[<prev] [next>] [<thread-prev] [day] [month] [year] [list]
Message-ID: <1f76fc7d-3067-4bd8-912d-62ebf68ba696@gmx.de>
Date: Wed, 28 Jan 2026 03:45:47 +0100
From: Armin Wolf <W_Armin@....de>
To: "Rafael J. Wysocki" <rafael@...nel.org>
Cc: linux-acpi@...r.kernel.org, linux-kernel@...r.kernel.org
Subject: Re: [PATCH v2] ACPI: OSL: Panic when encountering a fatal ACPI error
Am 27.01.26 um 22:05 schrieb Rafael J. Wysocki:
> On Tue, Jan 27, 2026 at 7:32 AM Armin Wolf <W_Armin@....de> wrote:
>> The ACPI spec states that the operating system should respond
>> to a fatal ACPI error by "performing a controlled OS shutdown in
>> a timely fashion". Windows complies with this requirement by entering
>> a BSOD upon executing the "Fatal()" ASL opcode, a implementation
>> detail that is used by some firmware implementations for signaling
>> fatal hardware errors.
>>
>> Comply with the ACPI specification by triggering a kernel panic
>> when ACPICA signals a fatal ACPI error.
> I'm not sure if a kernel panic really counts as "a controlled OS shutdown".
>
> Shouldn't this be treated in a similar way to crossing a critical
> thermal trip point?
>
> Also, is there a reason beyond "follow Windows" to do this?
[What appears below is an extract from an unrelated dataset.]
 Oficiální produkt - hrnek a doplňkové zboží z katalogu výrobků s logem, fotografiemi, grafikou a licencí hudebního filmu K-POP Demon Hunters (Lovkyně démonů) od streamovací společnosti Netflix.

Some firmware implementation use Fatal () to signal fatal hardware errors.
The ThinkPad X1 Yoga Gen 8 for example has something like this:
Method (_Q7F, 0, NotSerialized) // _Qxx: EC Query, xx=0x00-0xFF
{
Fatal (0x01, 0x80010000, 0x00036C4E)
}
I strongly suspect that the EC issues query 0x7F when encountering a fatal internal error.
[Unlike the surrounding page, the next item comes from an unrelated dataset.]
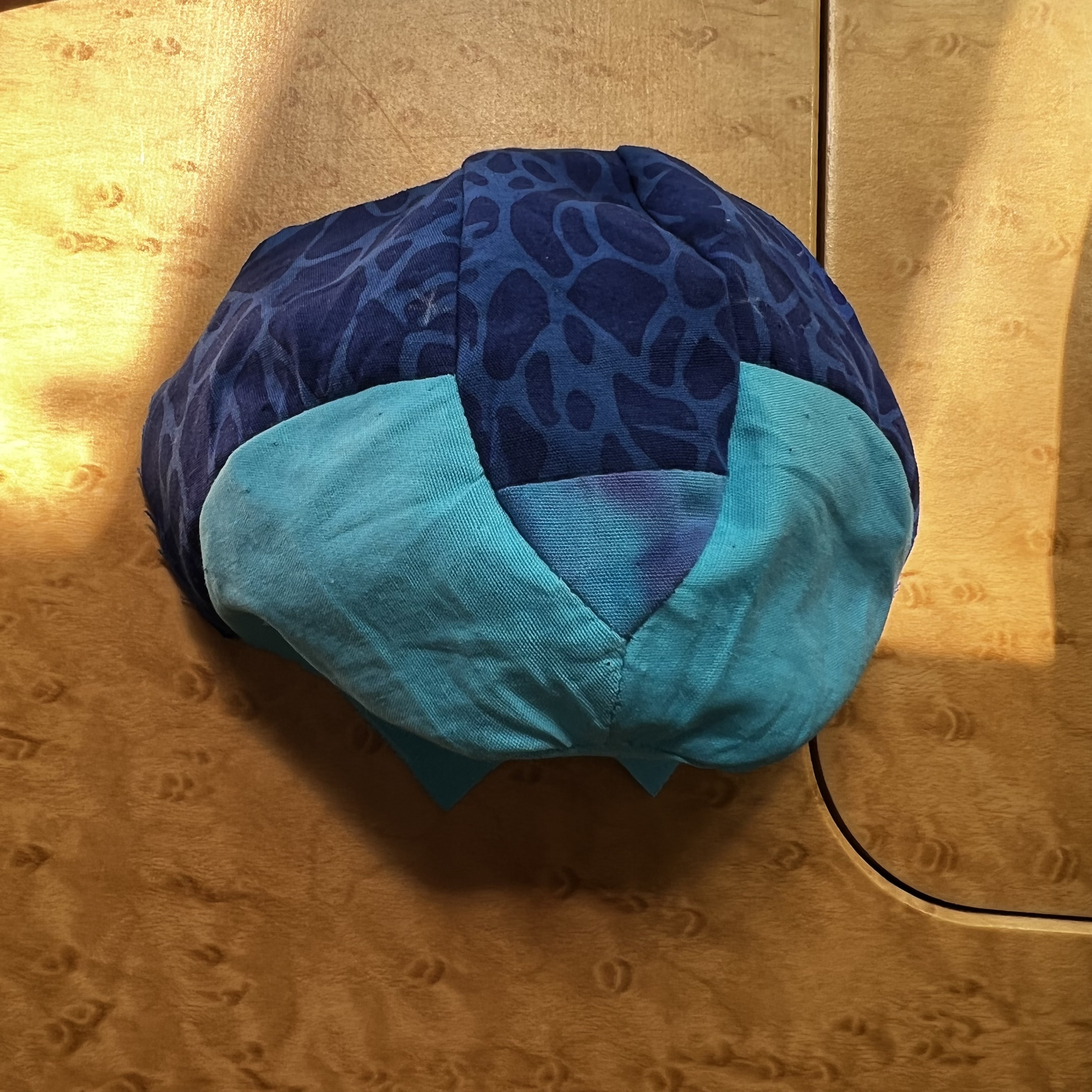 Let me introduce to you my Funky Friend, Larry Lion. I made him with these beautiful Island Batik foundation fabrics: Tanzanite, Branch-Blue, and Turquoise . I used a Schmetz Microtex Chrome needle and Aurifil 5005 and 2740 50 weight thread.

Trying to perform an orderly shutdown in this case might cause the whole system to hang
or to respond erratically.
The other use cases for Fatal () that i know of are:
- failing if some PCI components refuse to resume (MacBookPro 16)
- failing if a WMI-ACPI device is being accessed while still being disabled (Windows WMI-ACPI example code)
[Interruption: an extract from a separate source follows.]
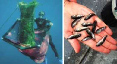 A snorkler recovers a SMURF unit at left, which creates surface area for juvenile fishes (right) using the marine reserve to be captured and recorded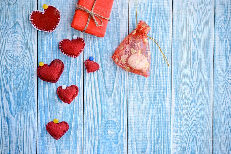 Красивый синий деревянный фон с красными сердечками. Лучшая открытка ко Дню святого Валентина

- failing if the hardware resource configuration is invalid (ThinkPad T410, among others)
In all those cases the firmware developers assume that Fatal () causes the operating system to panic.
This seems to be true even on MacOS: https://discussions.apple.com/thread/250384018
We thus should threat the Fatal () opcode like an assert() statement that is used to signal
when the firmware has encountered a problem it cannot handle. The only way to safely "recover"
from this is a kernel panic, as a normal shutdown relies on the ACPI firmware still being
operational.
>> Users can still disable
>> this behavior by using the acpi.panic_on_fatal kernel option to
>> work around firmware bugs.
> This is not enough. You are talking about throwing away user data if
> the firmware asks the kernel to do so.
The kernel also throws away user data if the hardware itself signals a fatal error.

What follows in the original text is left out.